The expectation being that storage pools wouldn’t be left in an unavailable state for long periods of time, and not between releases.

However there is still a scenario where all storage pools must be available for LXD to start and that is when a storage related patch needs to be applied, which in this case there is.

Please can you run:

sudo sqlite3 /var/snap/lxd/common/lxd/database/global/db.bin  -header 'select * from storage_pools'
sudo sqlite3 /var/snap/lxd/common/lxd/database/global/db.bin  -header 'select * from storage_pools_config'

And if you are happy that the storage pool in question is not needed, we can prepare a DB patch file together to remove those errant records that are preventing startup.

See also https://linuxcontainers.org/lxd/docs/master/database/#running-custom-queries-at-lxd-daemon-startup

tomp · June 5, 2023, 8:38am

Also see Managing the LXD snap for managing snap update schedules/pausing it.

v3ss0n · June 5, 2023, 8:40am

Thanks , i need to disable updates . I think i had already did but somehow snap still updating.

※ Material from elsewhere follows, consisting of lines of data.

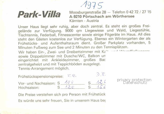 12637345 Poertschach Woerthersee Park-Villa postalisch nicht gelaufen Werbekarte (keine Postkarte) Erhaltung siehe scans [LiesaD40] KatCode: 11390211020424
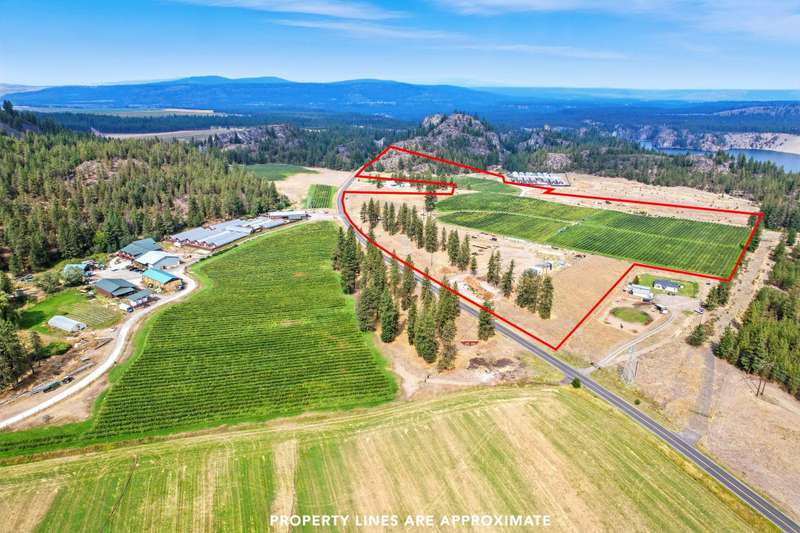 A rare offering in Eastern WA, Willow Wind Organic Farms encompasses 580+/- acres in 2 counties. In full production with highly coveted organic certification is 30+/- acres in blueberries along with 250+/- acres of alfalfa hay. Secure water rights supply farm-wide irrigation w/efficient & continuous operating systems. The farm is anchored by a complete processing facility featuring ample cold storage, temperature-controlled packing area, attached 105’ x 72’ living quarters, 100’x40’ hay barn, 80’x80’ machine shed, 54’x50’ shop, possible fruit winery & tasting room, and extensive storage. Diversification includes U-pick blueberry operation + smaller plantings of apricots, cherries, blackberries, & lavender. Beyond current production, several parcels offer blueberry expansion and residential development potential, while views of Lake Spokane and surrounding mountains add long-term appeal. This is truly a premier agricultural investment with opportunity to scale & grow a legacy.
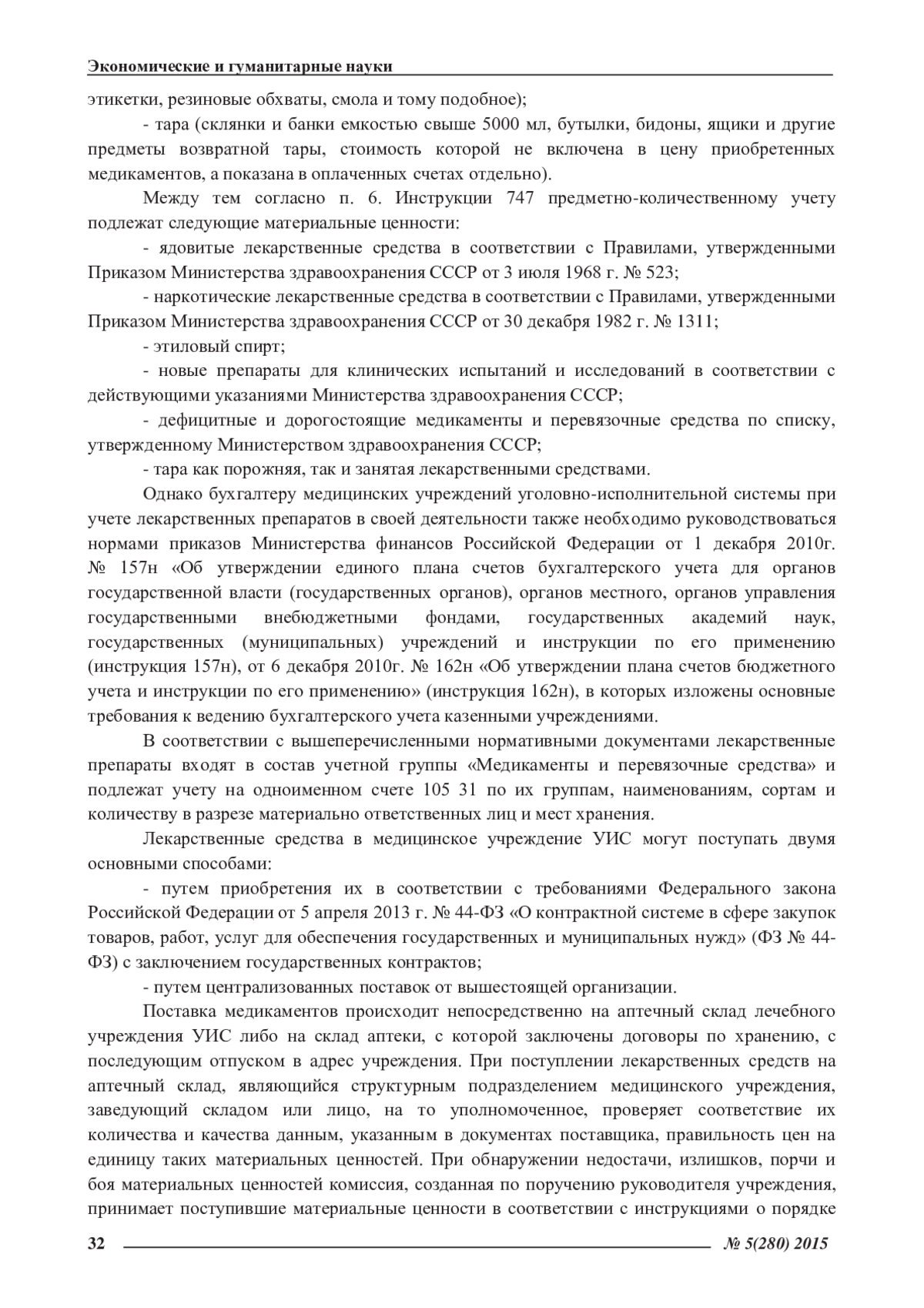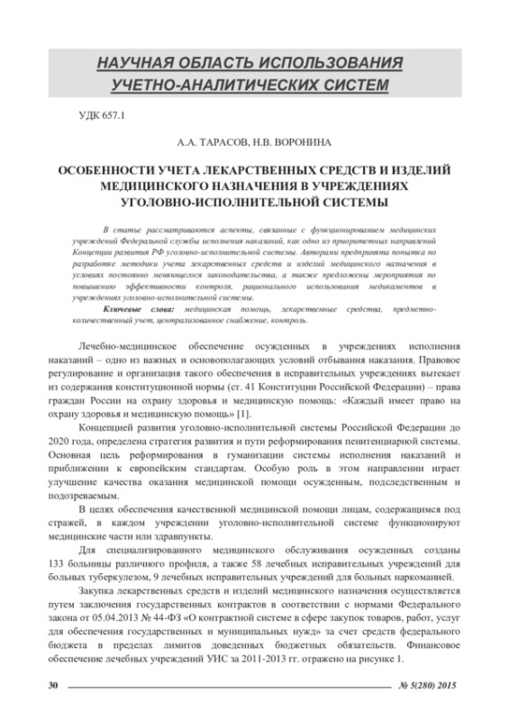 В статье рассматриваются аспекты, связанные с функционированием медицинских учреждений Федеральной службы исполнения наказаний, как одно из приоритетных направлений Концепции развития РФ уголовно-исполнительной системы. Авторами предпринята попытка по разработке методики учета лекарственных средств и изделий медицинского назначения в условиях постоянно меняющегося законодательства, а также предложены мероприятия по повышению эффективности контроля, рационального использования медикаментов в учреждениях уголовно-исполнительной системы
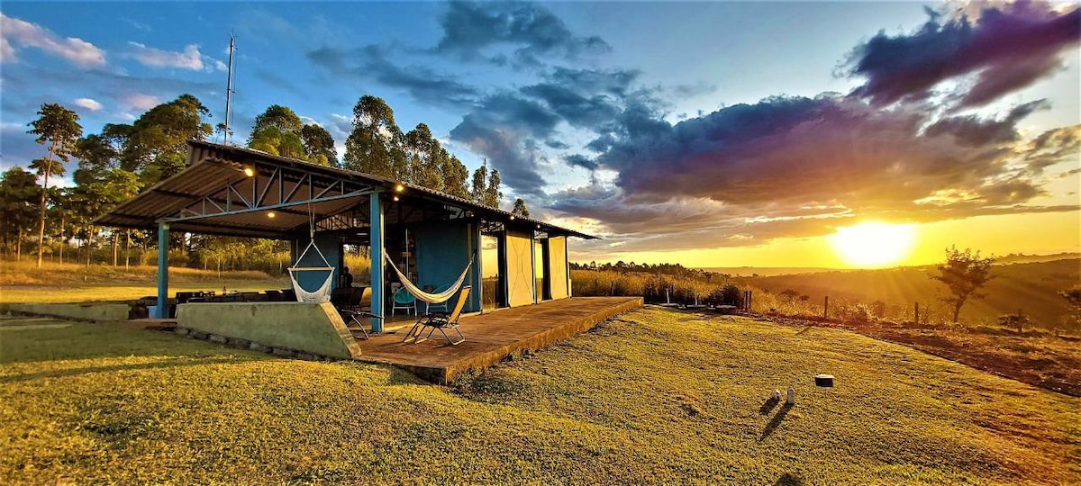 Estância Cury opens its chalet in the best romantic style to share with your love or even for two couples. Adapting the architecture of the Swiss chalet to our climate, relief and vegetation, coexist with nature and the modernity of a complete place to enjoy every second. Whether in our spacious hot tub for up to 8 people, by the outdoor fireplace, having a barbecue, a romantic dinner or watching a streaming service available on our 60-inch TV, every second will be remembered.
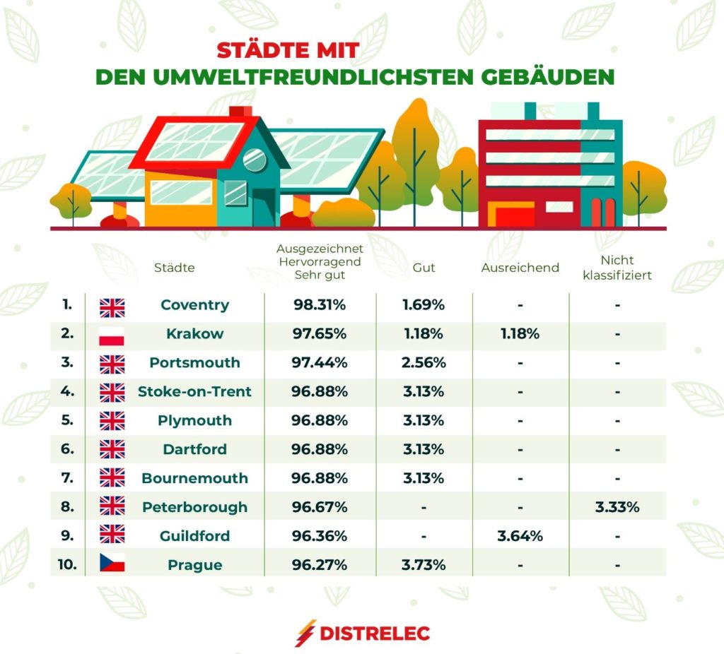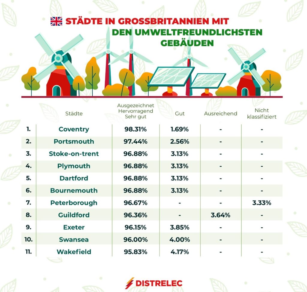 Die Stadt Exeter im Südwesten von England befindet sich am unteren Ende der Liste. Jedoch fallen immer noch lobenswerte 96,15 % der Gebäude in die beste Kategorie, während 3,85 % als gut eingestuft werden. In diesem Frühjahr soll in der Ringswell Avenue in Exeter ein neues umweltfreundliches Projekt mit Schwerpunkt auf kohlenstoffarmen Immobilien fertig gestellt werden. Auch in Wakefield, im Norden von England, sollen im Laufe des nächsten Jahres 175 umweltfreundliche Gebäude entstehen.

v3ss0n · June 5, 2023, 8:41am

thats storage pool is broken (due to my mistake , a wrong truncate command ) , and everything gone .

here are the results

sudo sqlite3 /var/snap/lxd/common/lxd/database/global/db.bin  -header 'select * from storage_pools_config'
root@E3-2276G:/var/snap/lxd/common/lxd/storage-pools# sudo sqlite3 /var/snap/lxd/common/lxd/database/global/db.bin  -header 'select * from storage_pools'
id|name|driver|description|state
1|default|zfs||1
2|btrfs|btrfs||1
4|default-btrfs|btrfs||1
5|btrfs-deploy|btrfs||1
root@E3-2276G:/var/snap/lxd/common/lxd/storage-pools# sudo sqlite3 /var/snap/lxd/common/lxd/database/global/db.bin  -header 'select * from storage_pools_config'
id|storage_pool_id|node_id|key|value
2|1|1|size|600GB
3|1|1|source|/var/snap/lxd/common/lxd/disks/default.img
4|1|1|zfs.pool_name|default
10|4|1|size|280GB
11|4|1|source|/var/snap/lxd/common/lxd/disks/default-btrfs.img
13|5|1|size|200GB
14|5|1|source|/var/snap/lxd/common/lxd/disks/btrfs-deploy.img
15|2|1|size|120GB
16|2|1|source|/var/snap/lxd/common/lxd/disks/btrfs.img

tomp · June 5, 2023, 8:51am

OK so please create a file called /var/snap/lxd/common/lxd/database/patch.global.sql:

DELETE FROM storage_pools WHERE name = "default";

Then reload LXD:

sudo systemctl reload snap.lxd.daemon

v3ss0n · June 5, 2023, 8:57am

Should i deleted the patch file?

EDIT:
Thanks that solved , and patch is automatically deleted.

tomp · June 5, 2023, 8:58am

Yep, if not already.

v3ss0n · June 5, 2023, 9:02am

I think LXD need to put storages in configuration file instead of sqlite. Right now it is quite fragile that if one storage fails (that is common) whole daemon would fail to load and , that would break a lot of things. And then we cannot fix stuf without sql knowledge .
Also going in and deleting sqlite records is a bad idea in production , we can’t know what will go wrong if accidentally deleted some records.